== Supplied information ==

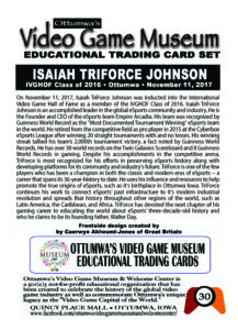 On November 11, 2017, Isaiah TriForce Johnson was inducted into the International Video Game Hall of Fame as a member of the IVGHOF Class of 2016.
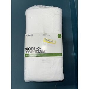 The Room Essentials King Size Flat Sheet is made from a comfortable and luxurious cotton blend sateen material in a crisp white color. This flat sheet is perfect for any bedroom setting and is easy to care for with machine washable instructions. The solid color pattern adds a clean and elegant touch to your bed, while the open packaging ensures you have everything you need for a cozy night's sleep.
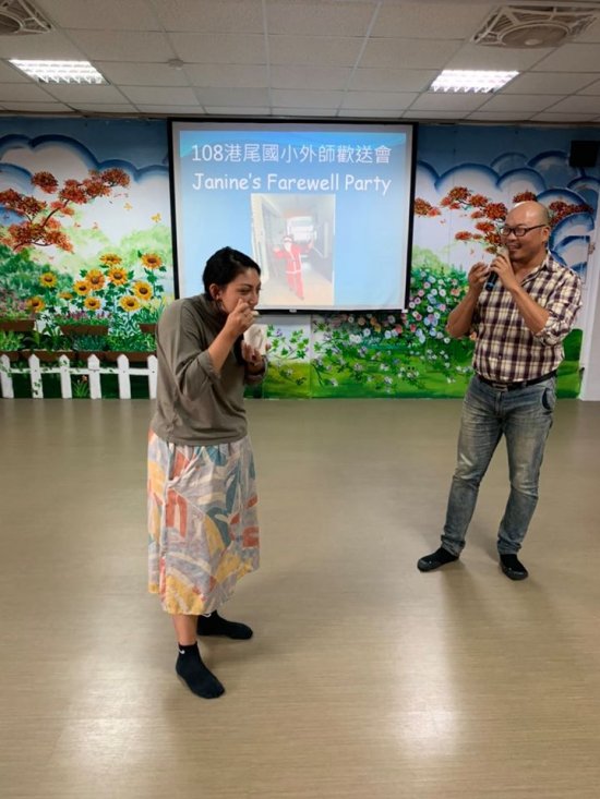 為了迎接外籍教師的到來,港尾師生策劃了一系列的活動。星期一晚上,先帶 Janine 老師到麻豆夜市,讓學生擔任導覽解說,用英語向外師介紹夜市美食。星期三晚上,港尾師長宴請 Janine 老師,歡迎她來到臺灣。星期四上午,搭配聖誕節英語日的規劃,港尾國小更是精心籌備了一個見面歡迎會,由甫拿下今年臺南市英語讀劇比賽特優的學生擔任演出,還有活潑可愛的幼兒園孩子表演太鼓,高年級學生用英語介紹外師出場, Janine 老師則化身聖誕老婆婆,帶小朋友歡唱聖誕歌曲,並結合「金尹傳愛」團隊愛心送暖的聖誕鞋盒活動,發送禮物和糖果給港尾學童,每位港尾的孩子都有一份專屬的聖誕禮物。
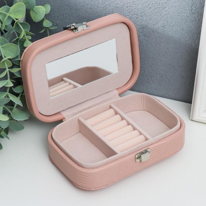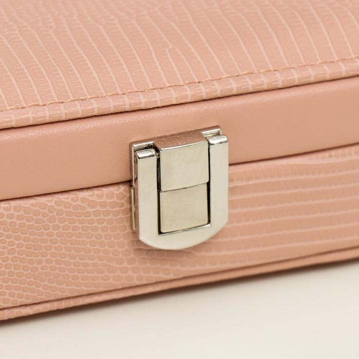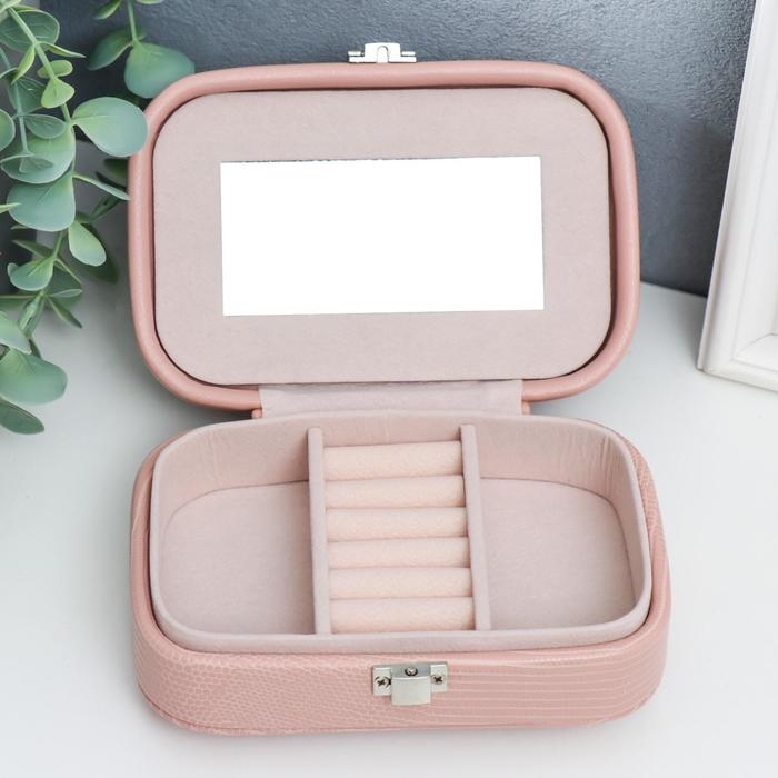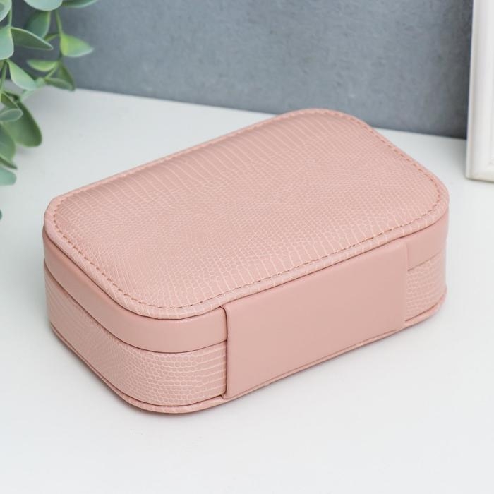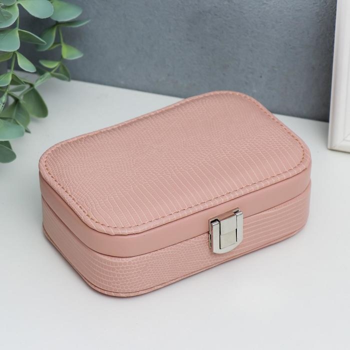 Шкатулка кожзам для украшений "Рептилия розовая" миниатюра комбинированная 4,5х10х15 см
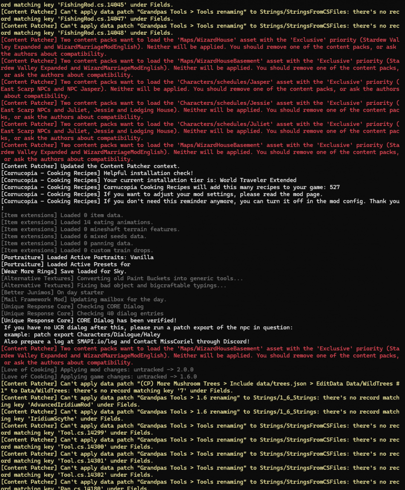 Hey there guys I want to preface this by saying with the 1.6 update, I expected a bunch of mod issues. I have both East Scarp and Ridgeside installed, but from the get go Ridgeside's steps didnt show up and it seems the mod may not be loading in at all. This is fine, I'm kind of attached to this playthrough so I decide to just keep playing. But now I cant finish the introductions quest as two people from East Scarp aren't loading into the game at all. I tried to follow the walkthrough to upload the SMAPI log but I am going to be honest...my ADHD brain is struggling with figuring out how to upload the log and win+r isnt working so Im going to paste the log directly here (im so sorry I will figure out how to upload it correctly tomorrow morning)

===

#### Work required:
Could you repeat, exactly and with nothing added, the lines from the top of the entries above through the line that holds "Шкатулка кожзам для", leaving out any pictures?

#### Solution to this task:
 On November 11, 2017, Isaiah TriForce Johnson was inducted into the International Video Game Hall of Fame as a member of the IVGHOF Class of 2016.
 The Room Essentials King Size Flat Sheet is made from a comfortable and luxurious cotton blend sateen material in a crisp white color. This flat sheet is perfect for any bedroom setting and is easy to care for with machine washable instructions. The solid color pattern adds a clean and elegant touch to your bed, while the open packaging ensures you have everything you need for a cozy night's sleep.
 為了迎接外籍教師的到來,港尾師生策劃了一系列的活動。星期一晚上,先帶 Janine 老師到麻豆夜市,讓學生擔任導覽解說,用英語向外師介紹夜市美食。星期三晚上,港尾師長宴請 Janine 老師,歡迎她來到臺灣。星期四上午,搭配聖誕節英語日的規劃,港尾國小更是精心籌備了一個見面歡迎會,由甫拿下今年臺南市英語讀劇比賽特優的學生擔任演出,還有活潑可愛的幼兒園孩子表演太鼓,高年級學生用英語介紹外師出場, Janine 老師則化身聖誕老婆婆,帶小朋友歡唱聖誕歌曲,並結合「金尹傳愛」團隊愛心送暖的聖誕鞋盒活動,發送禮物和糖果給港尾學童,每位港尾的孩子都有一份專屬的聖誕禮物。
 Шкатулка кожзам для украшений "Рептилия розовая" миниатюра комбинированная 4,5х10х15 см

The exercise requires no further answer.